This is a revised version of a patch I posted ~3.5 years ago:
  https://gcc.gnu.org/ml/gcc-patches/2013-10/msg02728.html
with the difference that in this patch I'm attempting to
faithfully reimplement the behavior of the Perl script, leaving
bugfixes to followups (in the earlier version I combined the
port with some behavior changes).

I've tested it by running some source files through both scripts
and manually verifying that the output was identical for both
implementations. apart from the Python implementation adding a
harmless trailing newline at the end of the file.

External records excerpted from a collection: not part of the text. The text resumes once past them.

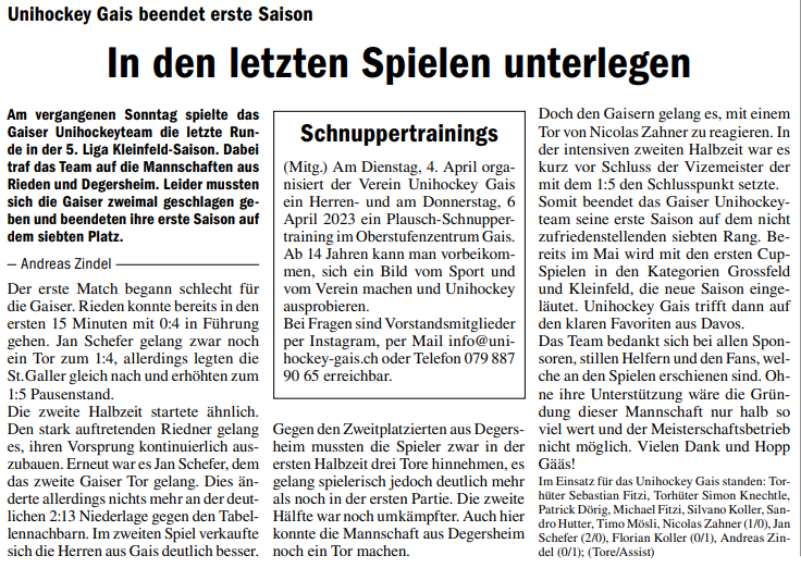 Die Herren des Unihockey Gais hatten sich etwas vorgenommen. Die Freude über dieses Spiel war riesig und insgesamt 12 Kaderspieler nahmen am Testspiel teil. Die ersten 20 Minuten des Testspiels liefen sehr ausgeglichen, während Teufen/Bühler das Spiel machte, nutzten wir die Kontergelegenheiten und konnten deshalb gut mithalten. Im zweiten Drittel funktionierte dies leider nicht mehr wie gewünscht. Der Gegner nutzte unsere Fehler aus und wir kamen selbst nur noch selten zu guten Gelegenheiten. Im dritten Drittel wollten wir es noch einmal besser machen und unsere grössere Spieleranzahl ausnutzen. Dies gelang, wir kamen wieder besser ins Spiel und konnten auch mehr Chancen verzeichnen. Dennoch musste wir am Ende als deutliche Verlierer vom Platz, wissen nun aber, das es noch viel zu tun gibt und freuen uns auf eine Revanche und weiter Testspiele in dieser Art.
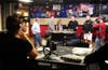 Field producer Matt Carter clears the entrance to the Student Center at the College at Florham. Students walking through the building scoot over to avoid the shot. Director Cyndi Haas adjusts her monitor and calls out, “Action!”
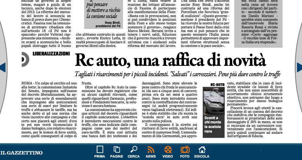 Sarà comunque il 20 marzo il termine effettivo per non aver sorprese, ma siamo ampiamente convinti che questo 30% riguardi il passato. Ciò ha fornito un’occasione alle Compagnie per far ricorrere agli accordi fiduciari dell’ultimo minuto,diversi carrozzieri, che ancora una volta segnano la fragilità di chi è disunito.
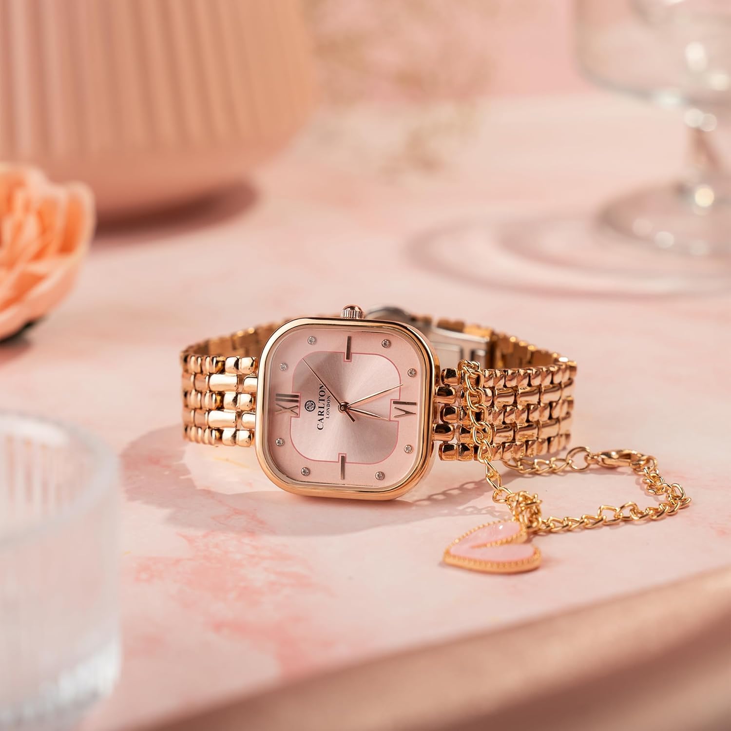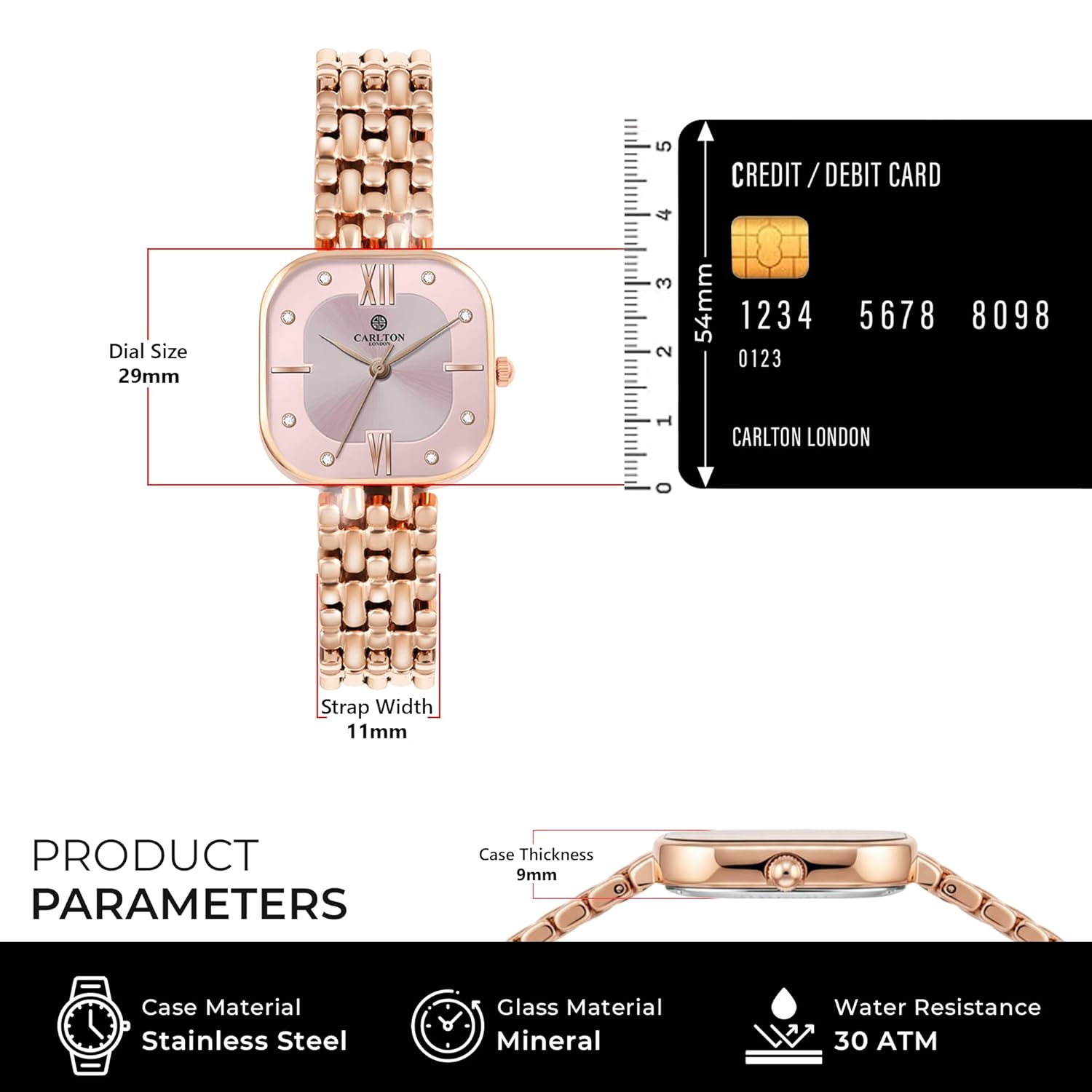 Elevate your everyday style with the Carlton London Chelsea Women Analog Watch, a perfect blend of elegance, functionality, and modern design. Designed for the contemporary woman, this stylish women’s watch features a sleek 29mm square dial that adds a sophisticated and refined touch to your wrist. Whether you’re heading to the office, a casual outing, or a special occasion, this elegant analog watch for women complements both western and ethnic outfits effortlessly. Crafted with a durable metal case and a premium stainless steel strap, this ladies bracelet watch offers long-lasting shine and comfort. The secure clasp ensures a snug and comfortable fit, making it ideal for daily wear. The scratch-resistant mineral glass protects the dial from everyday wear and tear, keeping your women’s wrist watch looking new for longer. Powered by precise quartz movement, this analog watch for women delivers accurate and reliable timekeeping. The battery-operated mechanism ensures low maintenance and consistent performance, making it a dependable accessory for your busy lifestyle. With 30 meters water resistance, this fashion watch for women is suitable for everyday use and protected against minor splashes. Minimal yet eye-catching, this Carlton London women watch is designed for those who appreciate timeless fashion with a modern twist. Its clean dial layout enhances readability while maintaining a luxurious appeal. This stylish ladies watch for women also makes a perfect gift for women on birthdays, anniversaries, Valentine’s Day, weddings, or festive occasions. Beautifully designed and versatile, it is a must-have fashion accessory that adds grace and confidence to every look.

The unit tests pass for both Python 2 and Python 3 (tested
with 2.7.5 and 3.3.2).

OK for trunk?

contrib/
	* filter_gcc_for_doxygen: Use filter_params.py rather than
	filter_params.pl.
	* filter_params.pl: Delete in favor of...
	* filter_params.py: New, porting the perl script to python,
	adding a test suite.
---
 contrib/filter_gcc_for_doxygen |   2 +-
 contrib/filter_params.pl       |  14 -----
 contrib/filter_params.py       | 130 +++++++++++++++++++++++++++++++++++++++++
 3 files changed, 131 insertions(+), 15 deletions(-)
 delete mode 100755 contrib/filter_params.pl
 create mode 100644 contrib/filter_params.py

Comments

Martin Liška April 28, 2017, 12:03 p.m. UTC | #1
On 03/17/2017 02:51 AM, David Malcolm wrote:

Hello.

I've just tested you patches and I can confirm that they work :)
I've got couple of related questions:

> It's possible to run GCC's sources through Doxygen by setting
> 	INPUT_FILTER           = contrib/filter_gcc_for_doxygen
> within contrib/gcc.doxy and invoking doxygen on the latter file.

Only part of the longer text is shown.